In the listing below, locate the line with "Um erro comum" and the line with "FAST is an internationally-acclaimed", then output both and everything between them exactly, minus any pictures.
____ Extracted records
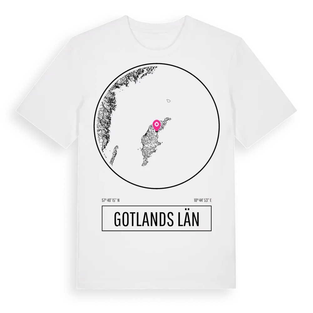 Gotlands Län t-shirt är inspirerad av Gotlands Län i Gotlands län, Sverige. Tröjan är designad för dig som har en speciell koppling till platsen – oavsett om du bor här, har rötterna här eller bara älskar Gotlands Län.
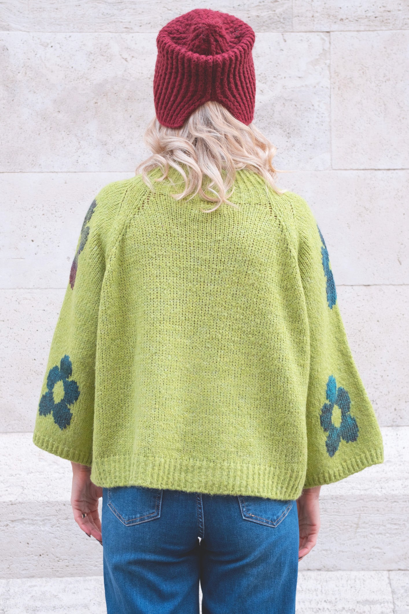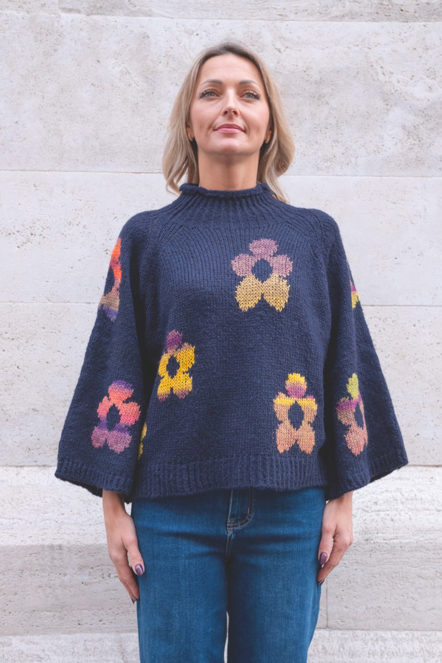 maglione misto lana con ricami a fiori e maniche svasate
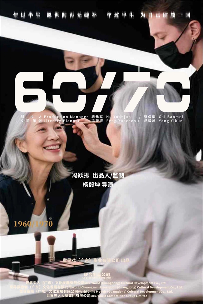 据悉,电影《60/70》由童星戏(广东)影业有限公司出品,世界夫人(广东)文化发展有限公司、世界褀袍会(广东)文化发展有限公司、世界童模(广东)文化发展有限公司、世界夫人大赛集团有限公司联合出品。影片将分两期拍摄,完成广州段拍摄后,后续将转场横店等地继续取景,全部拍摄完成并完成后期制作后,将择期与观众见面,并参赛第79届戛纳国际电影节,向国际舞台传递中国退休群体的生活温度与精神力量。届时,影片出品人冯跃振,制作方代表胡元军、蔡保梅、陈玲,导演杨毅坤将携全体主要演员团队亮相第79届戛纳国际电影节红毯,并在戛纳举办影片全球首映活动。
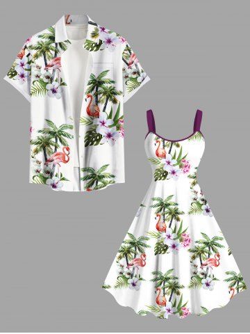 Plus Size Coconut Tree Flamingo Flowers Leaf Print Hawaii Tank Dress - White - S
________
____ Extracted records
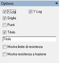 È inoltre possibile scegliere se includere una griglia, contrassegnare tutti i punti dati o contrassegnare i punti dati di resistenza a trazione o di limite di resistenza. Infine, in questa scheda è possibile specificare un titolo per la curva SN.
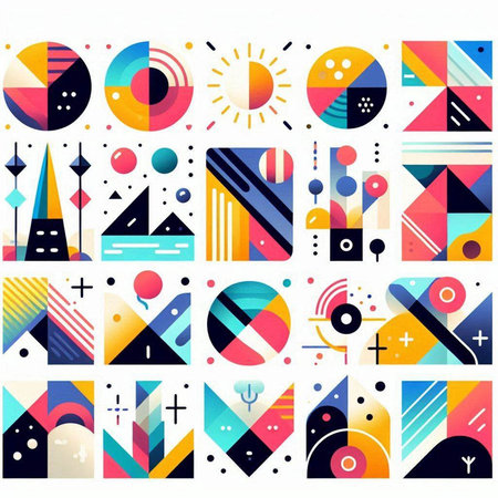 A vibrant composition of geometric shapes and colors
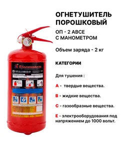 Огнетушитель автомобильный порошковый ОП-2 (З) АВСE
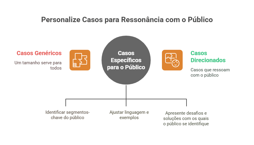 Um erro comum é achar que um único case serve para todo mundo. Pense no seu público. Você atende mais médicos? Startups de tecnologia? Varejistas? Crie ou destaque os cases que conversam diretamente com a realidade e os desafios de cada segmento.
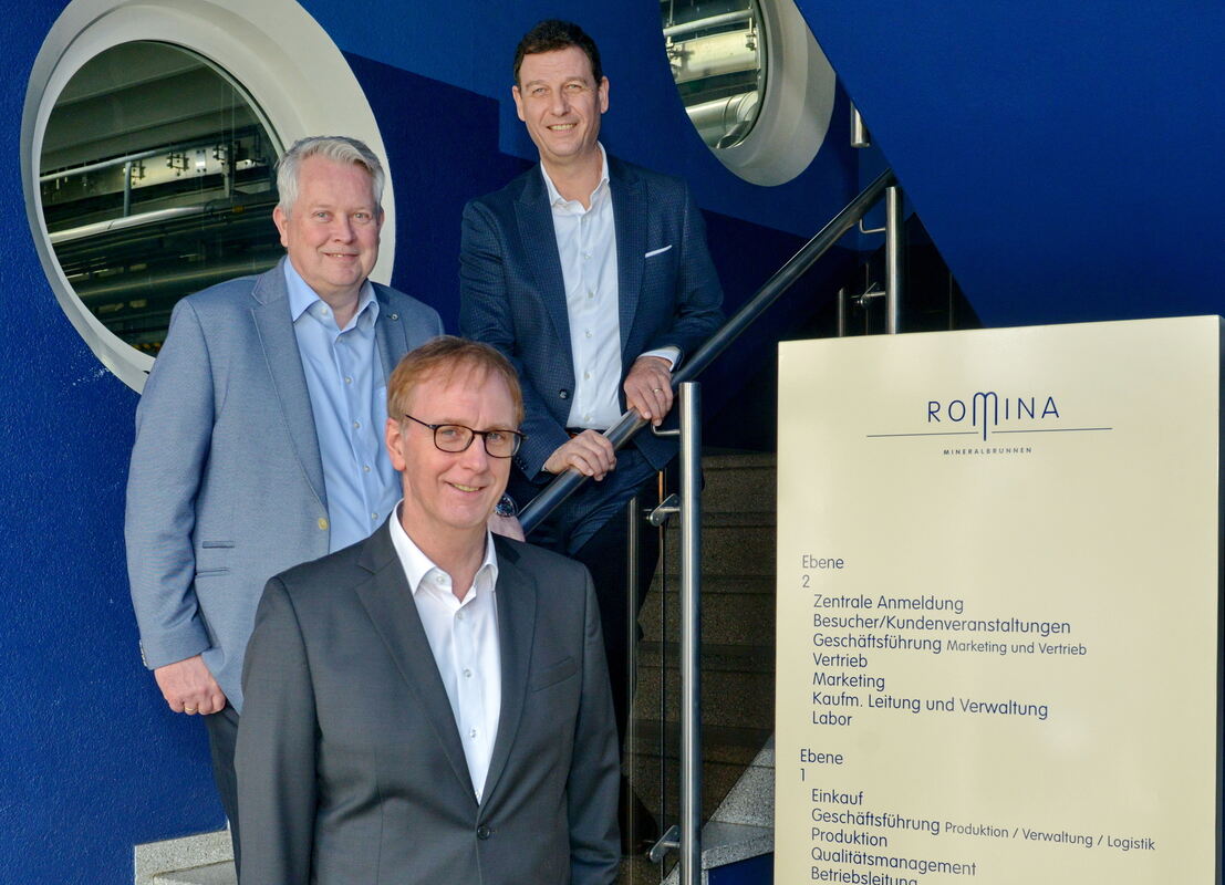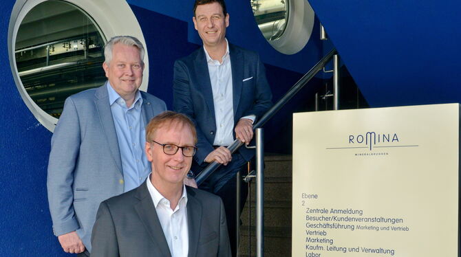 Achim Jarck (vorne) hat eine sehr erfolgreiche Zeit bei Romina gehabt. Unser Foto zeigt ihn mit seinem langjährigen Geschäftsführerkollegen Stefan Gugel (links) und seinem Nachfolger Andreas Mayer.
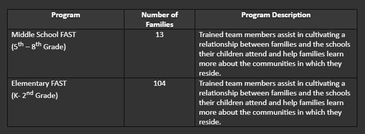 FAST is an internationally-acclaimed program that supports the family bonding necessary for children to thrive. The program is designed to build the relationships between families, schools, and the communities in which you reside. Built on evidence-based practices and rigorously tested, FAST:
________
*Expected answer*:
 Um erro comum é achar que um único case serve para todo mundo. Pense no seu público. Você atende mais médicos? Startups de tecnologia? Varejistas? Crie ou destaque os cases que conversam diretamente com a realidade e os desafios de cada segmento.
 Achim Jarck (vorne) hat eine sehr erfolgreiche Zeit bei Romina gehabt. Unser Foto zeigt ihn mit seinem langjährigen Geschäftsführerkollegen Stefan Gugel (links) und seinem Nachfolger Andreas Mayer.
 FAST is an internationally-acclaimed program that supports the family bonding necessary for children to thrive. The program is designed to build the relationships between families, schools, and the communities in which you reside. Built on evidence-based practices and rigorously tested, FAST:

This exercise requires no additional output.